Engineering electronic materials with atomic precision will enable construction of tailored quantum devices exhibiting unique electronic, magnetic and optical properties, with the potential to impact fields ranging from quantum information science to next-generation computing and clean energy technologies. Atomically precise vertical structures can be formed by stacking different atomically-thin materials with diverse characteristics. The properties of individual layers, and their emergent interactions, show great promise for fundamental science and future technologies. To date, this process has been explored at the artisanal scale and has generated a wealth of scientific discoveries. However, the scalable construction of such heterostructures has remained a challenge, with individual stacks often built up though painstakingly manual processes with significant interfacial contamination. This project overcomes these challenges and enables scalable production of atomically-resolved heterostructures by developing an automated robotic platform to assemble layer materials under ultra-high vacuum conditions, resulting in a tool for production of materials with unprecedented complexity and interfacial cleanliness. Once developed, this system will be housed adjacent to the Stanford Nanofabrication Facility, where it will serve as a shared tool for Stanford researchers across a diverse interdisciplinary community. Additionally, this project will enhance undergraduate and graduate education through advanced coursework and research opportunities.

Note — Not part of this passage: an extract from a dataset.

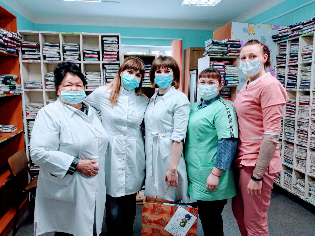 Добровольцы местного волонтерского центра в рамках мероприятий по поддержке медицинских учреждений автономного округа в сложной эпидемиологической обстановке передали праздничные наборы в поликлиники района.
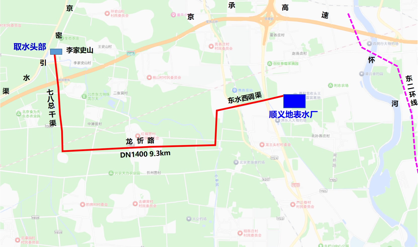 作为水厂的配套设施,输水管线是项目的关键脉络,目前为地表水厂唯一输水通道。本次新建的取水头部及地表水输水管线由北京市水利规划设计研究院负责设计。该管线西起于京密引水渠,终点直达顺义地表水厂,全长约9.3公里。

This project supports development of a novel instrument to automate the fabrication of designer quantum materials in the form of layered van der Waals (vdW) heterostructures. Existing processes which exclusively utilize exfoliated materials are limited by the stochastic nature of the samples, resulting in low throughput and geometric constraints on the resulting heterostructure. In contrast, this project utilizes both exfoliated and chemical vapor deposition (CVD)/molecular beam epitaxy (MBE)-grown source materials for enhanced throughput and improved sample size. The instrument employs interconnected ultra-high vacuum (UHV) chambers to maintain atomically pristine surfaces, and uses precision nanopositioning stages, microstructured adhesive effectors, an optical microscope, and computer vision algorithms to enable user-friendly, high-throughput fabrication and deposition onto arbitrary substrates. The UHV sample preparation chamber and vacuum suitcase facilitate inert sample processing, enabling study of air-sensitive 2D materials. Integrated in-situ UHV-CVD growth of large area, single-crystal graphene and hBN provide access to pristine samples which are critical to the investigation of vdW heterostructures with controlled rotational alignment. This instrument enables the study of diverse topics in condensed matter physics and materials science, including engineered strongly correlated phases in twisted many-layer structures, emergent topological superconductivity at heterointerfaces, and precisely localized studies of single-defect quantum devices. The five-year development project for this instrument enables a diverse team of Stanford researchers to explore these phenomena, and provides a nucleation point for collaboration across academia and industry.
This award reflects NSF's statutory mission and has been deemed worthy of support through evaluation using the Foundation's intellectual merit and broader impacts review criteria.